Problem requirements ▸
Return exactly the lines from the one containing "7.3.1 Buy Ashford" through the last line of the records below, both included, and leave out any pictures.

Input data ▸
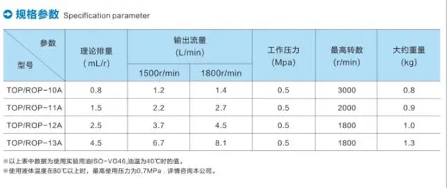 Дополнительная модель:TOP-11A Смещение: 1,6 ml/r; Пропускная способность: 1500 об/мин (2.5L/min) 1800 об/мин (2.9L/min); Давление: 0.5Mpa;
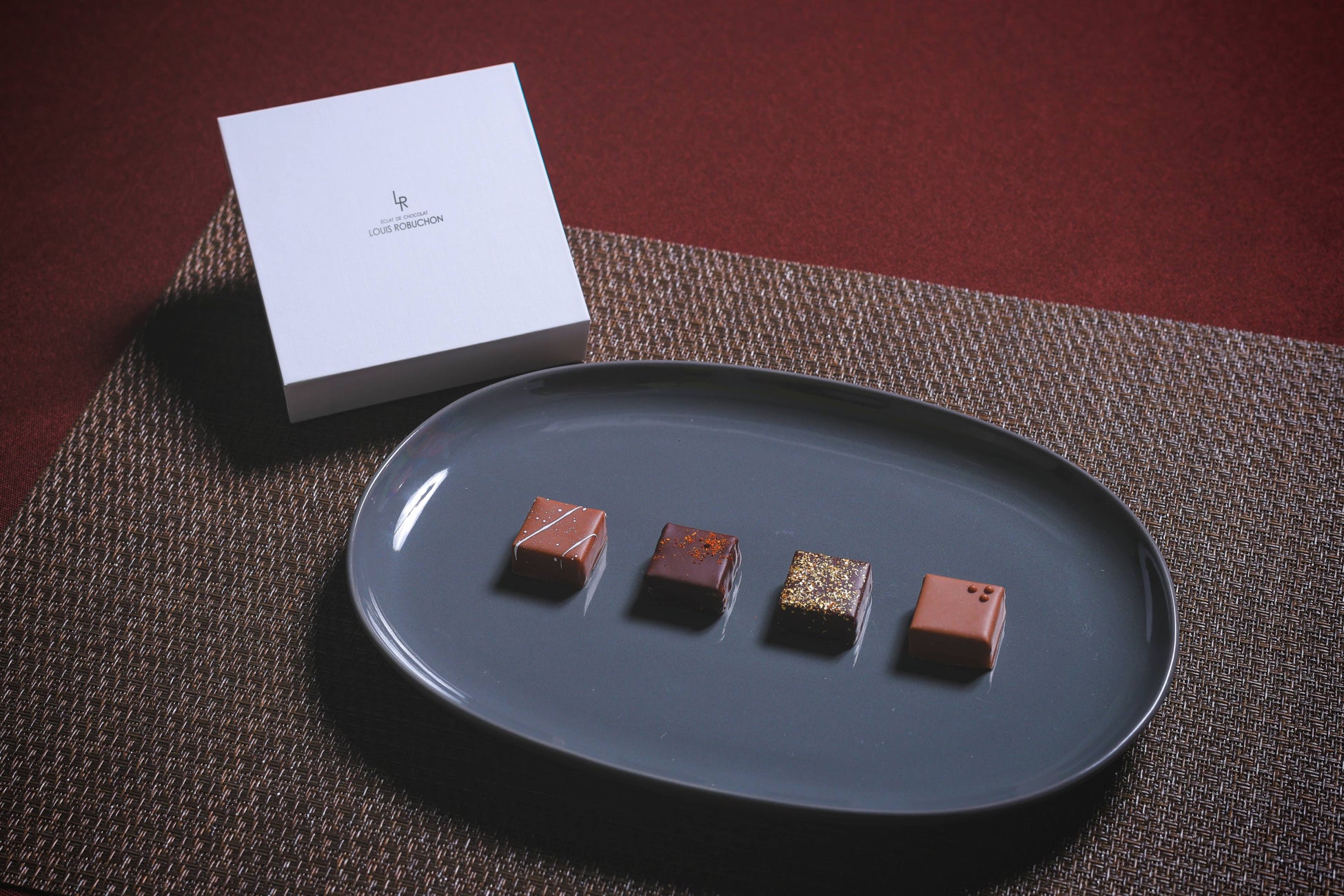 ジョエル・ロブションの代表料理や、ルイ・ロブションとジョエル・ロブションの思い出の皿などからインスパイアを受けたショコラを、アミューズ・ブーシュ、前菜、メイン、デセールの順番でお召し上がりください。
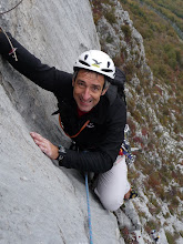 Fra le varie vie, siamo saliti su "Faccia da Pirla (6a)" e sul finire abbiamo fatto una via (senza nome) che partiva con un bel muro strapiombante alto circa 8 metri. Renzo qui mi ha fatto da coach facendomi capire a squarciagola che dovevo "tirare su i piedi". Ebbene, come li ho tirati su, voilà, sono uscito dal tratto finale di uesto difficile passaggio. Grazie Renzo.
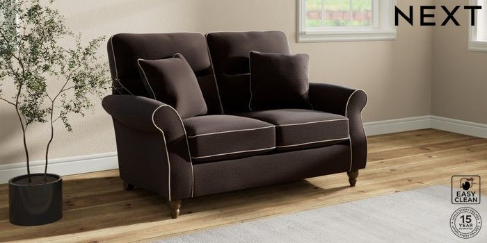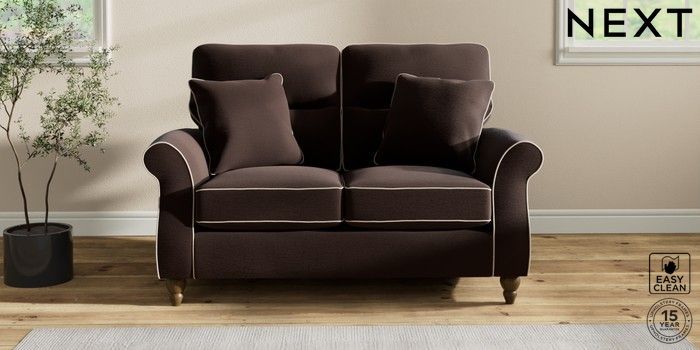 7.3.1 Buy Ashford Highback 2 Seater Small Sofa Fine Chenille with Contrast Chocolate Brown and Oyster Low Turned - Mid from the Seasons online shop Click here to use our website with more accessibility support, for example screen readers
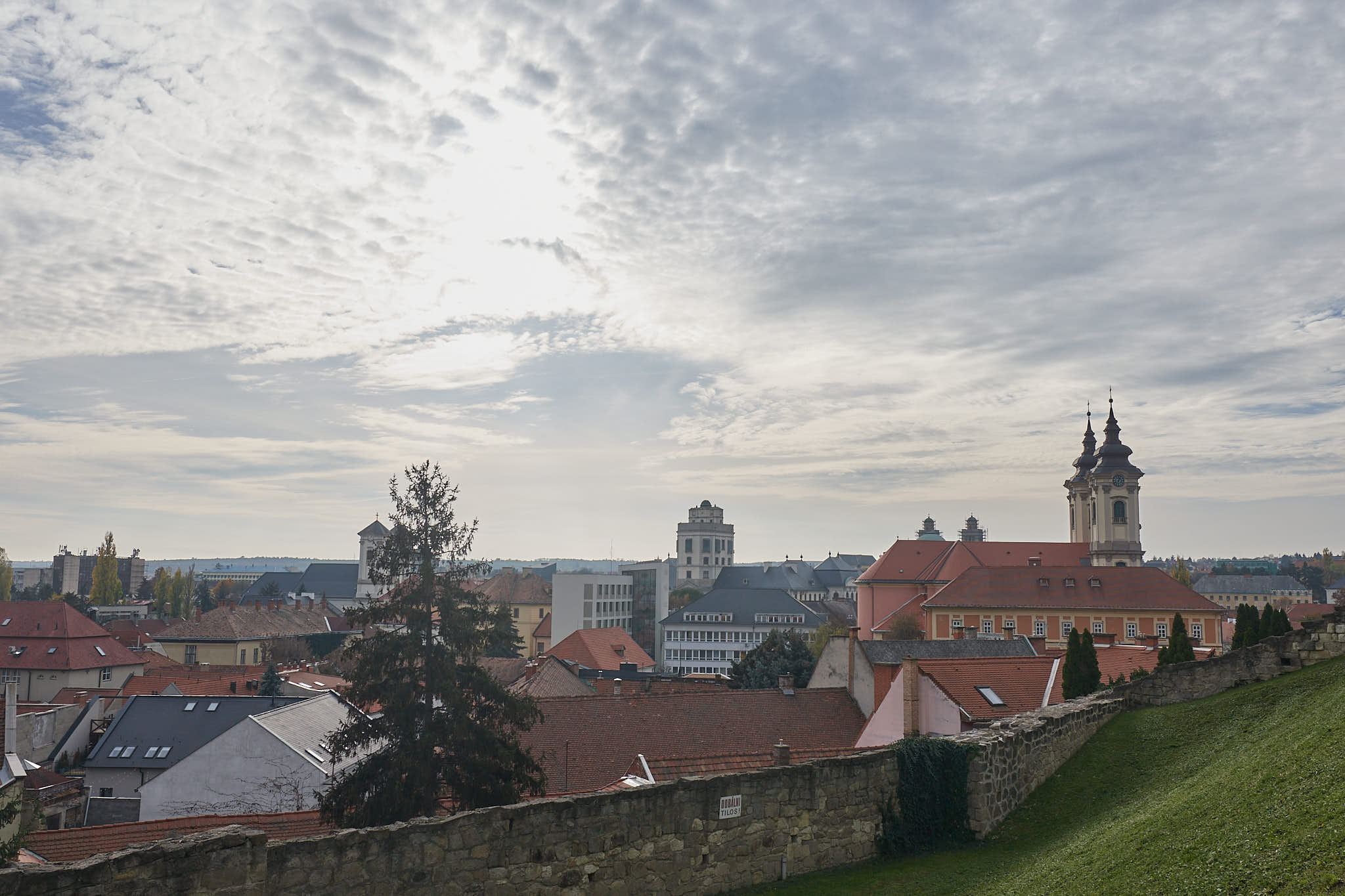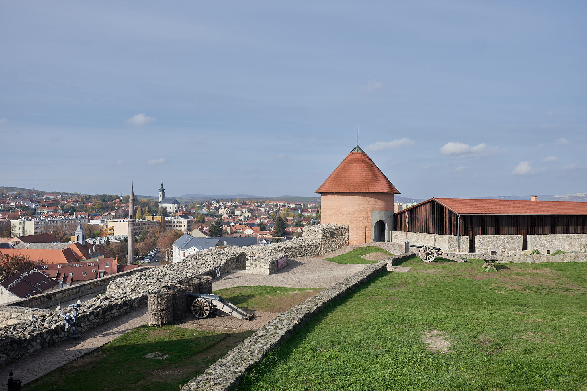 A view of the minaret and the red roofs of old town with modern Eger beyond

Solution for this exercise ▸
 7.3.1 Buy Ashford Highback 2 Seater Small Sofa Fine Chenille with Contrast Chocolate Brown and Oyster Low Turned - Mid from the Seasons online shop Click here to use our website with more accessibility support, for example screen readers
 A view of the minaret and the red roofs of old town with modern Eger beyond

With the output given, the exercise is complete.